(Data for processing)

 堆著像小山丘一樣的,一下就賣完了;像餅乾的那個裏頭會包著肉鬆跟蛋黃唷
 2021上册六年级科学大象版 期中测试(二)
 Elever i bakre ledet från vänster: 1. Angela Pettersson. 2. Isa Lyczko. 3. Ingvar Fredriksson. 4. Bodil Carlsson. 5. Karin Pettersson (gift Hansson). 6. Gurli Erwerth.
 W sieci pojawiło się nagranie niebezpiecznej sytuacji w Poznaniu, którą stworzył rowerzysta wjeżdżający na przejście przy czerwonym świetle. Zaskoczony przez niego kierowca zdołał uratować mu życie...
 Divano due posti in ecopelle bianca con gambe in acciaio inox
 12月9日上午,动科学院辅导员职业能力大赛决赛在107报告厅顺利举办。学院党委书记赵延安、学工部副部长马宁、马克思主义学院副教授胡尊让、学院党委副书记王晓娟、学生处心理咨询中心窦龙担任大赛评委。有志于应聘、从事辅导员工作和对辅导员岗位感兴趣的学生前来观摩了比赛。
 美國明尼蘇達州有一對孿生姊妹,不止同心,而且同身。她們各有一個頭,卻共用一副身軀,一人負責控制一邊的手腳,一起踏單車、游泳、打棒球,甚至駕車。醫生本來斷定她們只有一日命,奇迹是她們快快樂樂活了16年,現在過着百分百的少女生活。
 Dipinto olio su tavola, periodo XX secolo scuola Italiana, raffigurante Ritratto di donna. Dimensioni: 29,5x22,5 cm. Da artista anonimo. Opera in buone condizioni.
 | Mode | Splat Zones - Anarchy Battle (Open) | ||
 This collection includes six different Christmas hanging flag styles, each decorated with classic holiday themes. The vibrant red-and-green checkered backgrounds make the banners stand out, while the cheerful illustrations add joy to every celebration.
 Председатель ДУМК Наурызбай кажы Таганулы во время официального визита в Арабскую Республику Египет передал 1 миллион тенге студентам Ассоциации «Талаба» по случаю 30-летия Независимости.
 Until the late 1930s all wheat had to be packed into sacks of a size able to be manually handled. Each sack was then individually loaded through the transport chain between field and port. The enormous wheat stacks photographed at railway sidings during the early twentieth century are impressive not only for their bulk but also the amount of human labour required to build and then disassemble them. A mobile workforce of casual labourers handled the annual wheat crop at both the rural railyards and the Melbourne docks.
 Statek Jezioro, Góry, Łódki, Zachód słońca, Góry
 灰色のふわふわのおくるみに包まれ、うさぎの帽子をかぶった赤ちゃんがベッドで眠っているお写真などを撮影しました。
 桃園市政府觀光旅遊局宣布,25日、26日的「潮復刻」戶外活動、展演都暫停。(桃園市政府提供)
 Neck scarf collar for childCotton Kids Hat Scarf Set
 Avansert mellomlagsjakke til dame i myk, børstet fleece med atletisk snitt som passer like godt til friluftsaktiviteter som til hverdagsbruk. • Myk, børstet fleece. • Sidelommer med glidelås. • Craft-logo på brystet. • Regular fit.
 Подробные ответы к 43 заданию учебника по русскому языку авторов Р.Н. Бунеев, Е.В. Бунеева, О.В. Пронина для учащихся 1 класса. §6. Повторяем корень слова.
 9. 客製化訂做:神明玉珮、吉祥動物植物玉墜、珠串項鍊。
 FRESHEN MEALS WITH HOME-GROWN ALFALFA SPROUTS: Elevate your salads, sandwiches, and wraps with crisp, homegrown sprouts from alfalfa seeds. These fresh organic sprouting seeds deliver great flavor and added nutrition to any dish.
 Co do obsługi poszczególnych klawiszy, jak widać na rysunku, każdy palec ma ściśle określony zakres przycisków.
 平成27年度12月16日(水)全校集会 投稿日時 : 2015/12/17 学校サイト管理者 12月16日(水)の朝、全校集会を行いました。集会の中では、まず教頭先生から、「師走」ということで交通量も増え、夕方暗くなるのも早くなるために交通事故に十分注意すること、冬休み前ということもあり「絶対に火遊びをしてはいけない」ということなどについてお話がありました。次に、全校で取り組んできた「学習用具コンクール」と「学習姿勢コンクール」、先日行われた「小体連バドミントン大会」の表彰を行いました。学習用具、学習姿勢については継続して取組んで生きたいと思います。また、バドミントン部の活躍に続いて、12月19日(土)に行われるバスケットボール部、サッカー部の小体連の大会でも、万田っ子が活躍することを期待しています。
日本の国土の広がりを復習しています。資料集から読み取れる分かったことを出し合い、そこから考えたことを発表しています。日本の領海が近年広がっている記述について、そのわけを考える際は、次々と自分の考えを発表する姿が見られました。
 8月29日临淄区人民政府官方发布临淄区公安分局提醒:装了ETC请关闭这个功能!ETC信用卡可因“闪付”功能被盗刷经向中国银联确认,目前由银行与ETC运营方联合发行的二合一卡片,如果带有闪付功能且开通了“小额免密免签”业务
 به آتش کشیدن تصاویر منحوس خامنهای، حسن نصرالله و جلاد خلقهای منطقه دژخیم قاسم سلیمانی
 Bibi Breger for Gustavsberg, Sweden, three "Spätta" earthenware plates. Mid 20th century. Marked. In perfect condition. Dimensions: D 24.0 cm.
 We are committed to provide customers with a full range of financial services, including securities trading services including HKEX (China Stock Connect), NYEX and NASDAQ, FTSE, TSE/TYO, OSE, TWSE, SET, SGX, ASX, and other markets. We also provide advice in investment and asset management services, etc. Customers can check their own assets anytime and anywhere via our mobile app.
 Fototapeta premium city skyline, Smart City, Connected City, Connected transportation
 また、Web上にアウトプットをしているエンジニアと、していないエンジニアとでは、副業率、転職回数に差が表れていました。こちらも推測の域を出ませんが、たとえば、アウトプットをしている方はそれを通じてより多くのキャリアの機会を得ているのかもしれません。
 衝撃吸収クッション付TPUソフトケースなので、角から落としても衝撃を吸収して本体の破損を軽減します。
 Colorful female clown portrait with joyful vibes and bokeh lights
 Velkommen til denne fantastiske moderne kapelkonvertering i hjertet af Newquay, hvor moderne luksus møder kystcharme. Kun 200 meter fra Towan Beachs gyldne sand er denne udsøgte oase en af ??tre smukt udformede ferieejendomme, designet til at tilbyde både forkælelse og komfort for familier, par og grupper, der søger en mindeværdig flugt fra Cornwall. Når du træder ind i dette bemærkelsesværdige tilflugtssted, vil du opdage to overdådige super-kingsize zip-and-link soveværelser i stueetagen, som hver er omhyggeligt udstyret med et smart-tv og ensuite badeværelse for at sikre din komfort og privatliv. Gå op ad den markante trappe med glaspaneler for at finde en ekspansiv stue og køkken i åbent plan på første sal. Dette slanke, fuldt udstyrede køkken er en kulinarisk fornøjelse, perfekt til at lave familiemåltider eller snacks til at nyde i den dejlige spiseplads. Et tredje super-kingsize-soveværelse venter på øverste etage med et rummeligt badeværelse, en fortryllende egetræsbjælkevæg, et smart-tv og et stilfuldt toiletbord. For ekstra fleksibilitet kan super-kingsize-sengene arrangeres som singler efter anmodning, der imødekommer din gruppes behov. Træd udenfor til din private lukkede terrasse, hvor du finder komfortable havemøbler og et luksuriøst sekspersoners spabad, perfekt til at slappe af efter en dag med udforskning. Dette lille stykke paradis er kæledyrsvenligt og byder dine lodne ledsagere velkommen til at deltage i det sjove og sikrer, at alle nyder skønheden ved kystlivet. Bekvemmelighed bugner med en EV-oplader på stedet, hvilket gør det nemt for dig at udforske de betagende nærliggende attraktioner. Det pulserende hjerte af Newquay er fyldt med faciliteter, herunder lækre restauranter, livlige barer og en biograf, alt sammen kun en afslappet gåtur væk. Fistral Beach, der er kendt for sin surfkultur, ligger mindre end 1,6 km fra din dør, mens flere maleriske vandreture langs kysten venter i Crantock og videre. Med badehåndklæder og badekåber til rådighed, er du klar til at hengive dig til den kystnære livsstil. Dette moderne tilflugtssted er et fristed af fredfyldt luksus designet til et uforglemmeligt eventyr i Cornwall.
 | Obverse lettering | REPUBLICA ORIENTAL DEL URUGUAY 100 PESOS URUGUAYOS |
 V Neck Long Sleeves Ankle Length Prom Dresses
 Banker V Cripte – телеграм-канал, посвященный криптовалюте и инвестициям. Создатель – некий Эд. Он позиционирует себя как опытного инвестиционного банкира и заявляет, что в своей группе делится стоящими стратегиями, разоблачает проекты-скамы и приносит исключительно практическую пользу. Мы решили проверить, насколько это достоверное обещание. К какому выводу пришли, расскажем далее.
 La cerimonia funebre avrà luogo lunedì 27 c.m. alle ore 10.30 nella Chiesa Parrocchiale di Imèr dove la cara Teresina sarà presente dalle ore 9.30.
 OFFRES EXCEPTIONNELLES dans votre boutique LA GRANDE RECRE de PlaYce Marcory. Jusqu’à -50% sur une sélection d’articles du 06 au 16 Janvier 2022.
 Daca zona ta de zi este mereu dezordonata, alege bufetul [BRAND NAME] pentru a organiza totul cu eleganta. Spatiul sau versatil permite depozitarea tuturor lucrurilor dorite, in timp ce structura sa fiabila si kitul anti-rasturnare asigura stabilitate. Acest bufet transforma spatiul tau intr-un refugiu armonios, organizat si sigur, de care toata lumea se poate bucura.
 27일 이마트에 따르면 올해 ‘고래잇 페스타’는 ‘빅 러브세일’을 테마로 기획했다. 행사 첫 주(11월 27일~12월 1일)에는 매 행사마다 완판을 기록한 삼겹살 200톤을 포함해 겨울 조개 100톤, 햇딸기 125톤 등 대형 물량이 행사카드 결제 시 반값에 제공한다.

(End Data for processing)

## Exercise details
Would you please repeat exactly the lines above, starting at the line with "Neck scarf collar" and stopping at the line with "Bibi Breger for", both included?

## Result of this exercise
 Neck scarf collar for childCotton Kids Hat Scarf Set
 Avansert mellomlagsjakke til dame i myk, børstet fleece med atletisk snitt som passer like godt til friluftsaktiviteter som til hverdagsbruk. • Myk, børstet fleece. • Sidelommer med glidelås. • Craft-logo på brystet. • Regular fit.
 Подробные ответы к 43 заданию учебника по русскому языку авторов Р.Н. Бунеев, Е.В. Бунеева, О.В. Пронина для учащихся 1 класса. §6. Повторяем корень слова.
 9. 客製化訂做:神明玉珮、吉祥動物植物玉墜、珠串項鍊。
 FRESHEN MEALS WITH HOME-GROWN ALFALFA SPROUTS: Elevate your salads, sandwiches, and wraps with crisp, homegrown sprouts from alfalfa seeds. These fresh organic sprouting seeds deliver great flavor and added nutrition to any dish.
 Co do obsługi poszczególnych klawiszy, jak widać na rysunku, każdy palec ma ściśle określony zakres przycisków.
 平成27年度12月16日(水)全校集会 投稿日時 : 2015/12/17 学校サイト管理者 12月16日(水)の朝、全校集会を行いました。集会の中では、まず教頭先生から、「師走」ということで交通量も増え、夕方暗くなるのも早くなるために交通事故に十分注意すること、冬休み前ということもあり「絶対に火遊びをしてはいけない」ということなどについてお話がありました。次に、全校で取り組んできた「学習用具コンクール」と「学習姿勢コンクール」、先日行われた「小体連バドミントン大会」の表彰を行いました。学習用具、学習姿勢については継続して取組んで生きたいと思います。また、バドミントン部の活躍に続いて、12月19日(土)に行われるバスケットボール部、サッカー部の小体連の大会でも、万田っ子が活躍することを期待しています。
日本の国土の広がりを復習しています。資料集から読み取れる分かったことを出し合い、そこから考えたことを発表しています。日本の領海が近年広がっている記述について、そのわけを考える際は、次々と自分の考えを発表する姿が見られました。
 8月29日临淄区人民政府官方发布临淄区公安分局提醒:装了ETC请关闭这个功能!ETC信用卡可因“闪付”功能被盗刷经向中国银联确认,目前由银行与ETC运营方联合发行的二合一卡片,如果带有闪付功能且开通了“小额免密免签”业务
 به آتش کشیدن تصاویر منحوس خامنهای، حسن نصرالله و جلاد خلقهای منطقه دژخیم قاسم سلیمانی
 Bibi Breger for Gustavsberg, Sweden, three "Spätta" earthenware plates. Mid 20th century. Marked. In perfect condition. Dimensions: D 24.0 cm.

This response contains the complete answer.